Itu menurutmu.
Dia bahkan tidak pernah marah.
Jangan tertipu asumsimu sendiri.
*
Aku dan alam pikiran teman perjalanan sebangku yang menekuri jendela, saling bercakap-cakap. Tentang kenanganku bersamanya, aku tak tahu pernah meletakkannya di mana. Mengenai adik perempuan ibuku, aku hanya ingat pernah dimarahi karena malas mencuci baju. Kenangan yang tak terlalu membantu pada saat seperti ini.
Kereta terus berderak, melewati simpang jalan raya. Di belakang palang itu, orang-orang terhenti dalam waktu tunggu yang sebentar, dalam gerutuan yang samar atau ternyatakan. Tapi mereka menunggu, nyatanya, hingga kami berlalu.
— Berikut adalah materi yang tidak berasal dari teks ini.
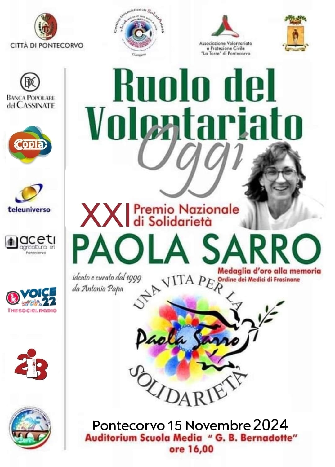 Venerdì 15 novembre la consegna del Premio Nazionale di Solidarietà “Paola Sarro” all’Ente

Aku terpekur. Segala pikiran menerabas masuk, tangkas dan gesit. Meloncati bangku-bangku gerbong. Dengan segera mengenali dan menemukanku.
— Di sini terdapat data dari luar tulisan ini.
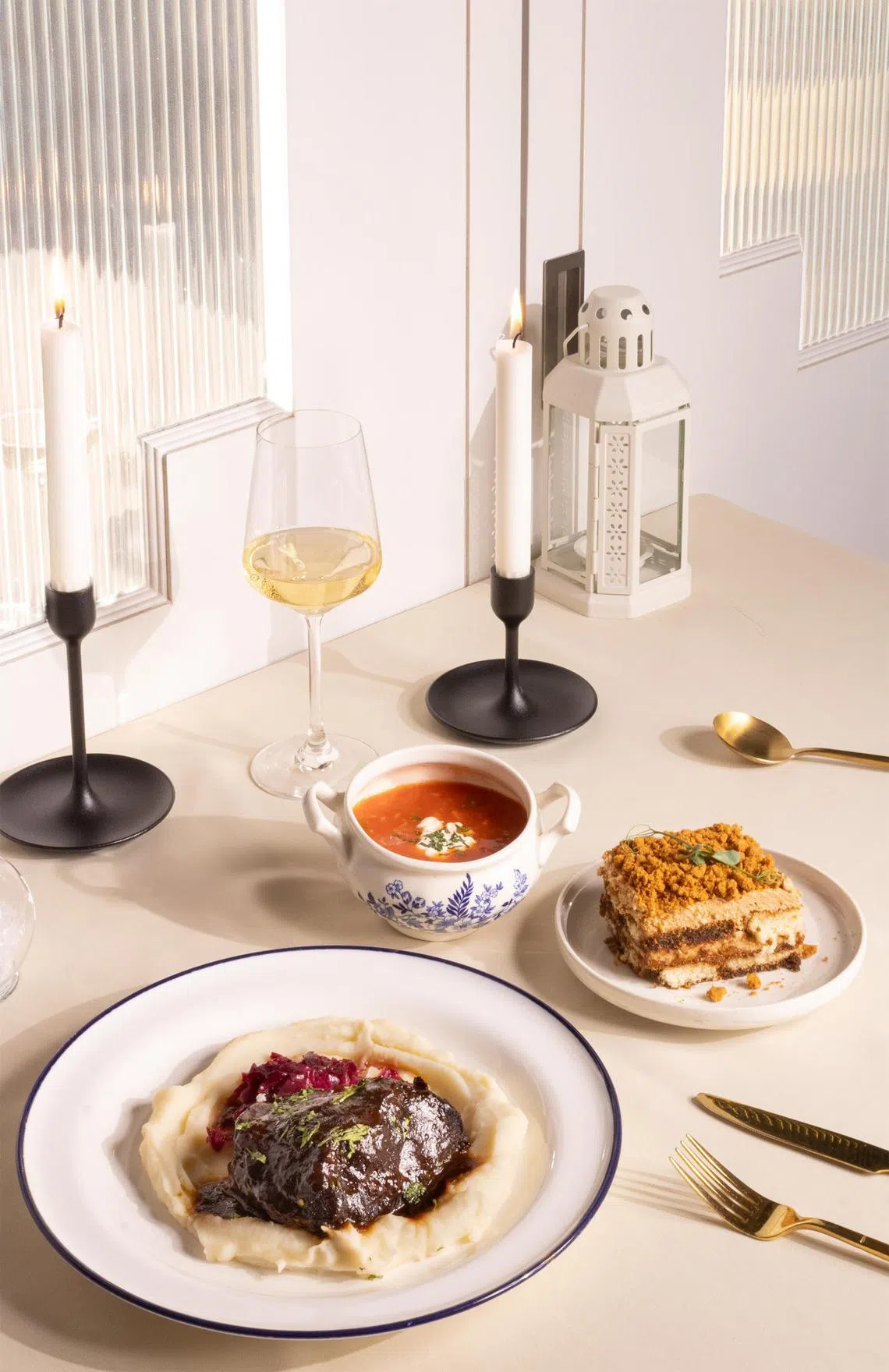 Starter options include borscht soup with sour cream or pepper-crusted duck and orange salad, followed by mains such as roasted turkey roulade with cranberry jam, Yorkshire pudding and roasted potato or Irish Guinness-braised beef cheek with potato mousseline and braised red cabbage. Vegetarian options are available too.

Aku datang. Aku datang meski kau pulang. Di sana mungkin bukan rindu, dan kuharap bukan sendu. Tapi sepertimu, aku berharap aku juga bisa pulang. Dengan selamat.
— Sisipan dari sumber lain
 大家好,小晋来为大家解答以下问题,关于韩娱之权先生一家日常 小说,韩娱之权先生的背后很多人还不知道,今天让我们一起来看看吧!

Paman yang pergi bersama kami sudah menyatukan kedua kakinya di bangku. Tak seorang pun duduk di sana, kecuali dirinya. Dengkurannya dan derap laju kereta, sama kuatnya.
Akan sangat meringankan seandainya bisa memejam. Percuma. Tak bisa. Aku mengerling teman seperjalanan di sampingku. Ia masih di situ. Menumbuk-numbuk kaca jendela dengan tatapan sedihnya.
Tangan kanan kubenamkan ke dalam ransel, menggapai-mengenali sebuah bungkusan.